- Born: Rajeshwari Vasudev 17 April 1918 Lahore, Punjab Province, British India
- Died: 10 April 1976 (Age 57) Calcutta, West Bengal, India
- Genres: Rabindra Sangeet
- Occupations: Vocalist, exponents
- Spouse: Sudhindranath Dutta (m.1943; died 1960)

= Rajeshwari Dutta =

Rajeshwari Dutta born as Rajeshwari Vasudev (17 July 1918 - 10 April 1976) was an Indian singer, considered one of the best-known exponents of the songs of Rabindranath Tagore.

She was amongst the few singers to earn appreciation from Rabindranath Tagore. She was among the singers of Rabindrasangeet, a group of the earliest singers of Tagore songs from families directly connected to Tagore and including Sahana Devi, Amiya Tagore, and Malati Ghoshal.
Rajeshwari Vasudev was married to noted poet Sudhindranath Datta after she received her musical training at Santiniketan. She was affiliated with music institutions in UK and the US in 1960s. The rich classical base of her voice flowed seamlessly in Tagore songs and was particularly effective in portraying the moods.

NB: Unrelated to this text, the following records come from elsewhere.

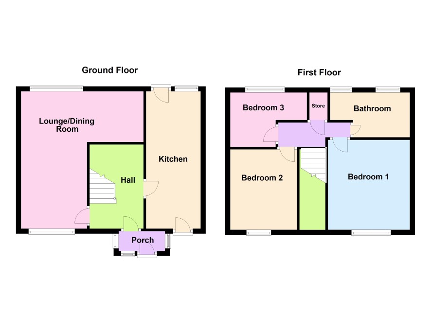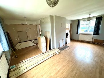 Fully Enclosed Porch, Front Door leads to Reception Hall with stairs to first floor off and door to L-Shaped Lounge/Dining Room, Dining Area 4.95m x 2.2m, Lounge Area 2.9m x 3.4m. Kitchen Area 5.6m x 2.2m which needs fitting with doors to both front and rear.
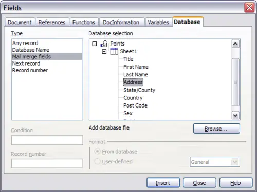 | The Database selection lists the data source you selected in step 3. All the information you need for the letter must be contained in that data source.
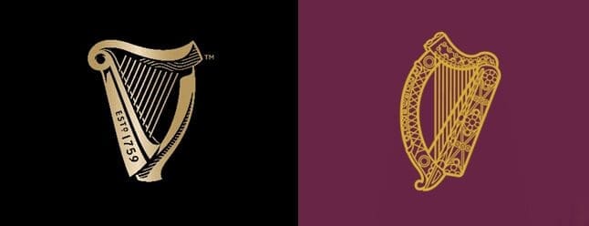 When it separated from the United Kingdom in 1922, the Irish Free State adopted the same ‘Brian Boru harp’ as its emblem. The Irish State however was forced to depict the harp facing in the opposite direction to avoid infringing on the Guinness trademark.
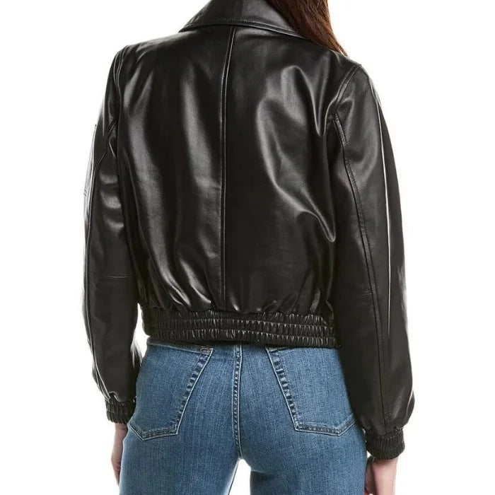 The Noelle Bomber Jacket wraps you in tailored luxury with sleek leather, multiple utility pockets, and a flattering cropped fit. Built for city life with a confident edge.

Among her early recordings, the best ones are Ogo shono ke bajay and Aji tomay abar chai shunabare. Her recordings were made starting 1938 by Hindusthan Musical Products company of Calcutta, which emerged along with two others in 1932 out of the spirit of nationalism to compete with His Master's Voice. All through her life, recordings were made exclusively by this company.